»The Snake keeps reinventing itself«
2018-10-16, 15:15–16:00, Europe

In this talk, we will survey some new components of the infamous Turla group. Through our multi-year tracking, we selected for discussion components that were never analyzed publicly as well as some emerging TTPs for this group.

= CFP HACK.LU 2018:

== Biography

.Jean-Ian Boutin

Jean-Ian Boutin is a senior malware researcher in the Security Intelligence program at ESET. In his position, he is responsible for investigating trends in malware and finding effective techniques to counter new threats. He has presented at several security conferences, including RECON, Virus Bulletin, CARO and ZeroNights. Jean-Ian completed his Master's degree in computer engineering at Concordia University in Montreal in 2009. His main interests include investigation of financially motivated threat actors and state-sponsored espionage groups. He has also participated in several large botnet takedown operations in conjunction with law enforcement and industry partners.

.Matthieu Faou

Matthieu Faou is a malware researcher at ESET where he performs in-depth analysis of malware. He finished his Master’s degree in computer science at École Polytechnique de Montréal and at École des Mines de Nancy in 2016. In the past, he has presented at conferences such as Virus Bulletin, Recon Brussels or Botconf.

== Abstract/Paper

After having tracked Turla's activities for several years, we now have a unique understanding of their Tools, Tactics and Procedures (TTPs). In this talk, we would like to share this knowledge to help defenders protect their networks. We will also present an in-depth analysis of undocumented components, such as the Outlook backdoor, allegedly used in the early-2018 attack against the German government.

Turla is an espionage group known for targeting governments, diplomats or militaries all around the world. One of their first documented campaign against the US military go back ten years ago and they are still very active. During this presentation, we will discuss some recent public cases involving Turla operators. This group targets very specific group of people and, as such, use advanced targeting techniques such as spear phishing and watering hole to go after them.

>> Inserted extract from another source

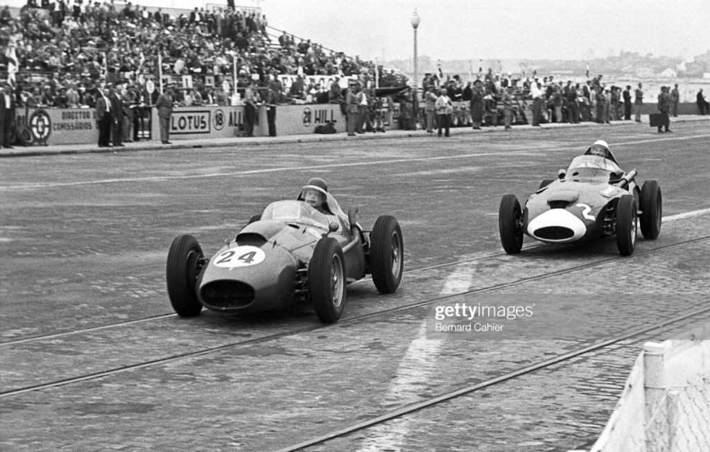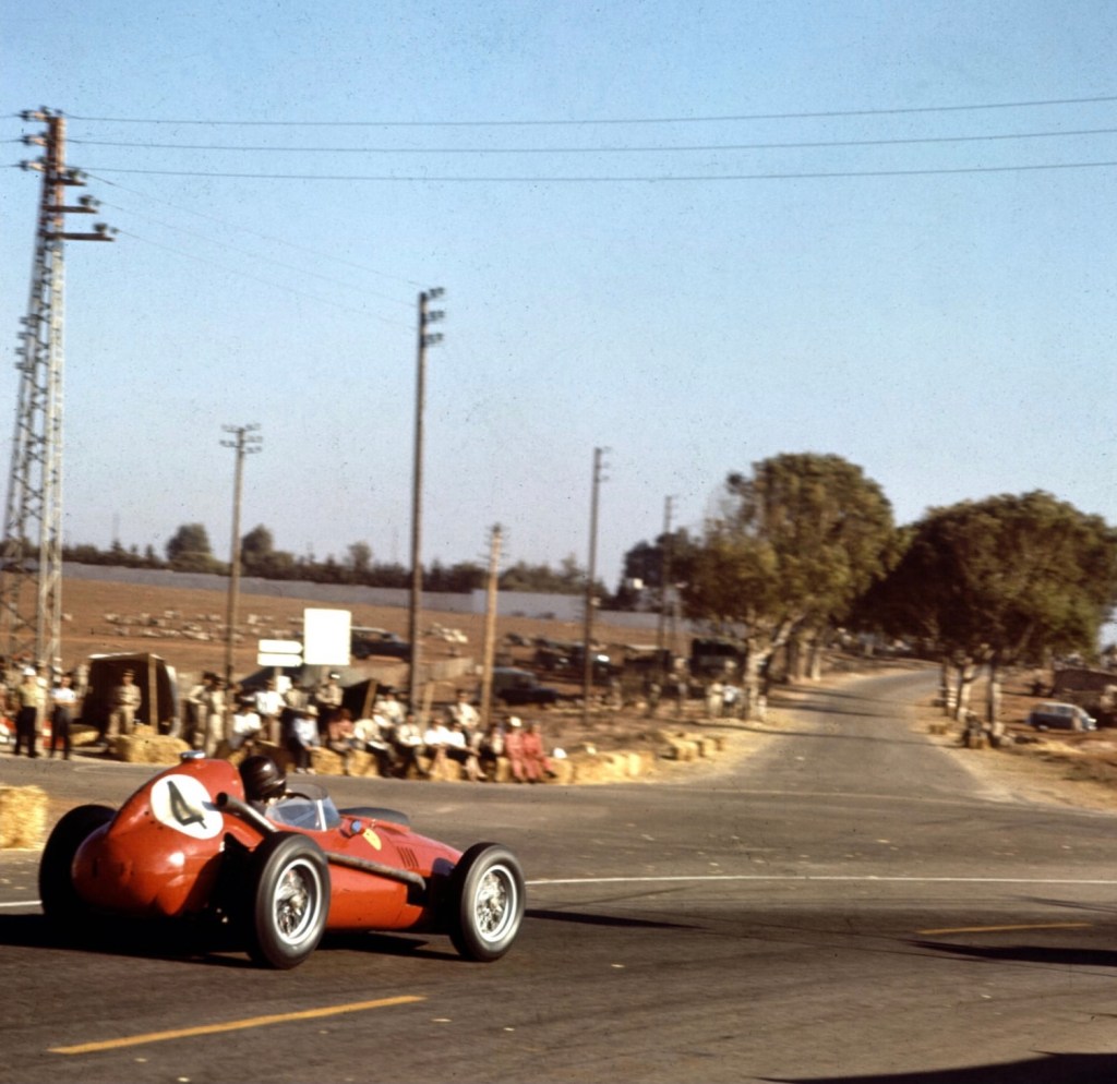 Brooks’ Vanwall won from Hawthorn at Monza, while Moss had a gearbox failure. In Morocco, Hawthorn put his car on pole from Moss, in the race the positions were reversed. Mike took the title by a point from Stirling in a season in which the best five placings were counted.

As one of the top APT groups, it has developed a broad range of tools and techniques to breach and stay persistent on a network. We will first detail their methodology to move in a network and to have a persistent access to the different machines even after the cleaning of the malicious files.

Then, the analysis of an interesting piece of malware, an Outlook backdoor leveraging the MAPI interface, allegedly used against the German government in early 2018 will be presented. This is a full-feature backdoor that is able to work independently from any other Turla components. The commands are received through specially crafted PDF attachments that are then decoded and interpreted by the backdoor. It also exfiltrates highly-sensitive data such as the outgoing emails sent by the infected user. The e-mail address used for exfiltration was registered at a popular European free email provider. This unusual way of communication for a backdoor helps the attackers to blend in the normal network traffic and bypass security monitoring solutions. We will also present the older versions of this backdoor, as we were able to trace it back as early as 2013.

Regarding infection vectors, the group also use interesting techniques to trick the users. We found evidence that, from the endpoint perspective, a Turla malware was downloaded over HTTP from the legitimate Adobe domain used to distribute Flash. The IP addresses belong to Akamai which is the CDN Adobe uses. As the same addresses are also used to distribute legitimate Flash installers, it is not a simple DNS hijacking. We will discuss the different possibilities that could lead to this kind of behavior. After some discussions with the Adobe security team who confirm they were not breached, we quickly discarded the possibility of a compromise of their website. Thus, the attacks range from a local MitM attack to the collusion with an ISP (or its compromise). We will also compare these possibilities with other attacks we have already seen in the wild.

Finally, we will discuss recent updates regarding the early stages of infection. We have analysed the 4th version of ComRAT which is in the wild for some months. This backdoor is one of Turla's oldest, a direct descendant of Agent.BTZ which was used more than ten years ago. We will outline the many advances that were introduced in this new version and the constant updates they are implementing. We will also show they have partially switched to the use of more generic tools, such as Metasploit, for the first stage of infection. Previously, they were known for developing their own custom malware for all the stages of infection.